Module: PlainText

Includes:
Util
Defined in:
lib/plain_text.rb,
lib/plain_text/part.rb,
lib/plain_text/util.rb,
lib/plain_text/split.rb,
lib/plain_text/parse_rule.rb,
lib/plain_text/part/boundary.rb,
lib/plain_text/part/paragraph.rb

Overview

Utility methods for mainly line-based processing of String

This module contains methods useful in processing a String object of a text file, that is, a String that contains an entire or a multiple-line part of a text file. The methods include normalizing the line-break codes, removing extra spaces from each line, etc. Many of the methods work on tha basis of a line. For example, #head and #tail methods work like the respective UNIX-shell commands, returning a specified line at the head/tail parts of self.

Most methods in this module are meant to be included in String, except for a few module functions. It is however debatable whether it is a good practice to include a third-party module in the core class. This module contains a helper module function PlainText.extend_this, with which an object extends this module easily as Singleton if this module is not already included.

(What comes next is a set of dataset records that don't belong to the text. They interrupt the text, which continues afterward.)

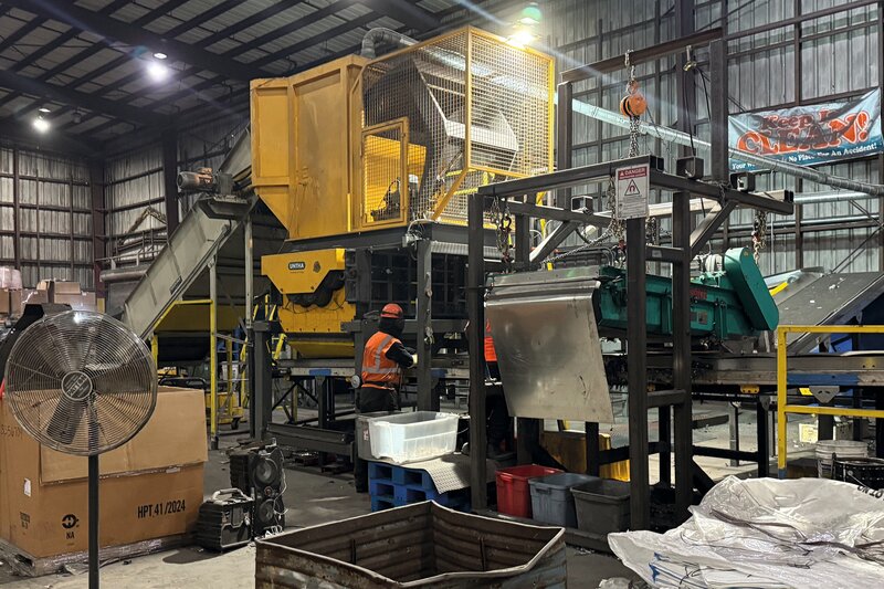 Sunnking, 2024 yılında çok çeşitli elektronik atık malzemelerini işlemek üzere tasarlanmış yüksek performanslı bir makine olan 4 şaftlı kırıcımız RS100'e yatırım yaptı. Sunnking, makineyi işleme hattına entegre etti. 75 fit uzunluğundaki bir konveyör sistemiyle çalışan kırıcı, karışık elektronik cihazları verimli bir şekilde parçalarken, televizyon ve trafo gibi özel elleçleme ve işleme gerektiren büyük boyutlu parçaların da çıkarılmasına olanak tanıyor. RS100, günde yaklaşık 30.000 pound malzemeyi kırarak iki temel çıktı fraksiyonu üretir: temiz demirli çelik ve işlenmek üzere rafinerilere gönderilen tüketici atığı.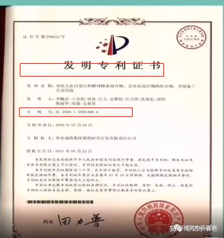 在言蕾的宣传文案中,一款被称为回春面具的面膜堪称神品,据说获得了唯一一个集保湿、美白、除皱的专利号(ZL200610081498.4),通过查询得知,其发明名称为“重组人血蛋白和酵母酵素混合物,含有此混合物的组合物,其制备工艺及用途”,而专利权人是华北制药集团新药研究开发有限责任公司,与言蕾没有任何关系。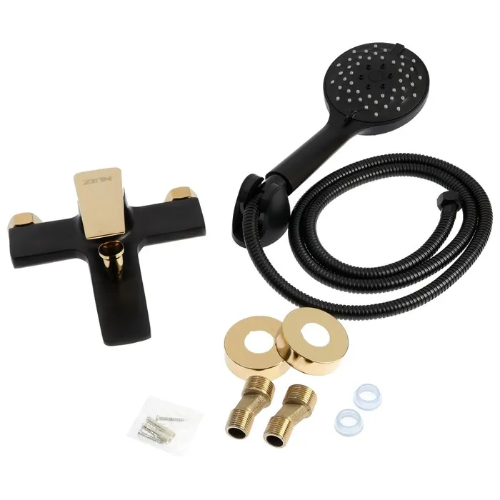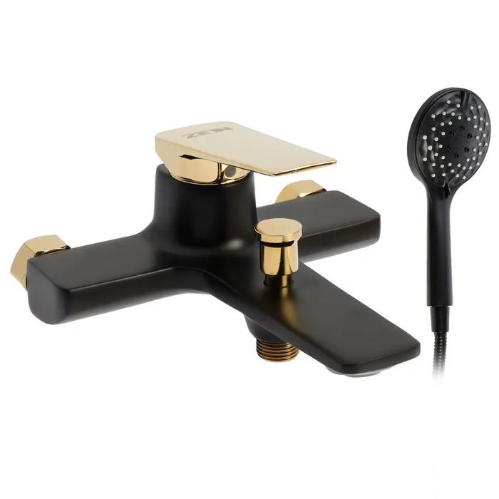Смеситель для ванны ZEIN Z3890, однорычажный, лейка 5 режимов, шланг, держатель, черный/gold= — Характеристики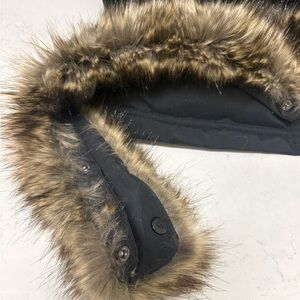 Adjustable, insulated hood has a removable faux fur ruff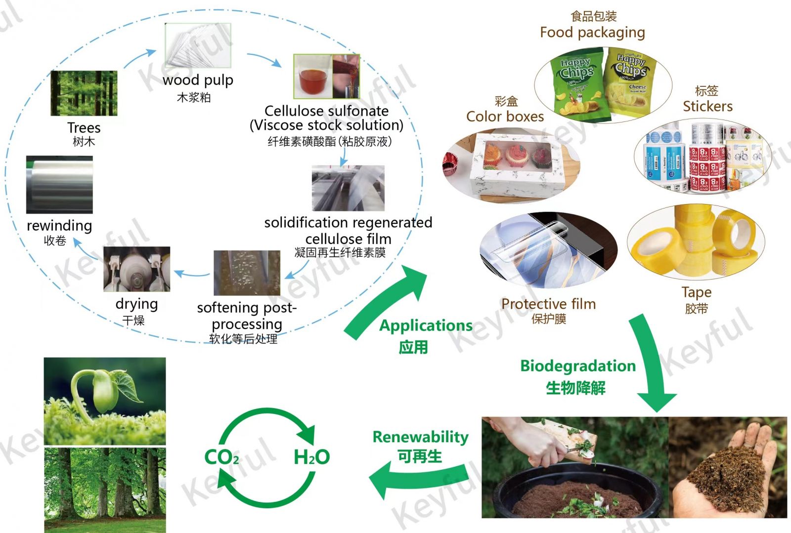 纖維素膜在家庭堆肥或者工業堆肥的條件下,在十二個月內最終會降解成為水和二氧化碳,對大自然完全無害,
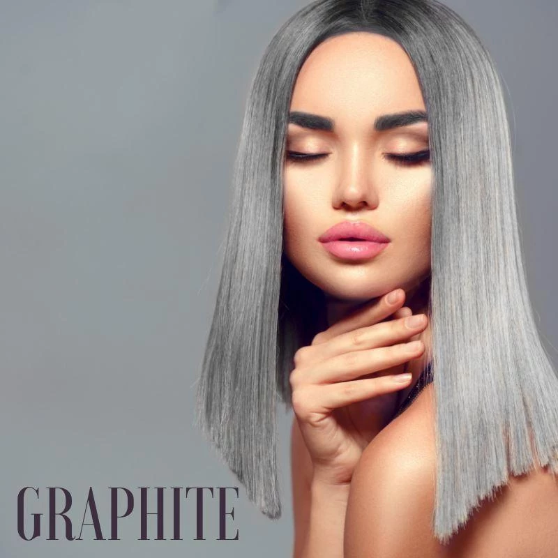 A steel Grey with cool blue indigo undertones – Graphite is the unicorn when it comes to unique colors. Suited towards clients with mature greying hair or young and funky icy silver hair. Or just when you find your browns and blondes don’t suit the skin tone any longer, Graphite holds a unique undertone that our other pigments do not.

A few methods in this module assume that Split is included in String, which in default is the case, as soon as this file is read (by Ruby’s require).

Author:

  • Masa Sakano (Wise Babel Ltd)

Defined Under Namespace

Modules: Split, Util Classes: ParseRule, Part

Constant Summary collapse

DefLineBreaks =

List of the default line breaks.

[ "\r\n", "\n", "\r" ]
DEF_HEADTAIL_N_LINES =

Default number of lines to extract for #head and #tail

10
DEF_METHOD_OPTS =

Default options for class/instance methods

{
  :clean_text => {
    preserve_paragraph: true,
    boundary_style: true,  # If unspecified, will be replaced with lb_out * 2
    lbs_style: :truncate,
    lb_is_space: false,
    sps_style: :truncate,
    delete_asian_space: true,
    linehead_style: :none,
    linetail_style: :delete,
    firstlbs_style: :delete,
    lastsps_style:  :truncate,
    lb: $/,
    lb_out: nil,           # If unspecified, will be replaced with lb
  },
  :count_char => {
    lbs_style: :delete,
    linehead_style: :delete,
    lastsps_style: :delete,
    lb_out: "\n",
  },
}

Class Method Summary collapse

Instance Method Summary collapse

Methods included from Util

even_odd_arrays, positive_array_index, positive_array_index_checked, raise_typeerror

Class Method Details

.__call_inst_method__(method, instr, *rest, **k) ⇒ #instr

Call instance method as a Module function

The return String includes PlainText as Singleton.



65
66
67
68
69
# File 'lib/plain_text.rb', line 65

def self.__call_inst_method__(method, instr, *rest, **k)
  newself = instr.clone
  PlainText.extend_this(newself)
  newself.public_send(method, *rest, **k)
end

.clean_text(prt, preserve_paragraph: , boundary_style: , lbs_style: , lb_is_space: , sps_style: , delete_asian_space: , linehead_style: , linetail_style: , firstlbs_style: , lastsps_style: , lb: , lb_out: , is_debug: false) ⇒ Object

Cleans the text

Such as, removing extra spaces, normalising the linebreaks, etc.

In default,

  • Paragraphs (more than 2 \n) are taken into account (one \n between two): preserve_paragraph=true

  • Blank lines are truncated into one line with no white spaces: boundary_style=lb_out*2(=$/*2)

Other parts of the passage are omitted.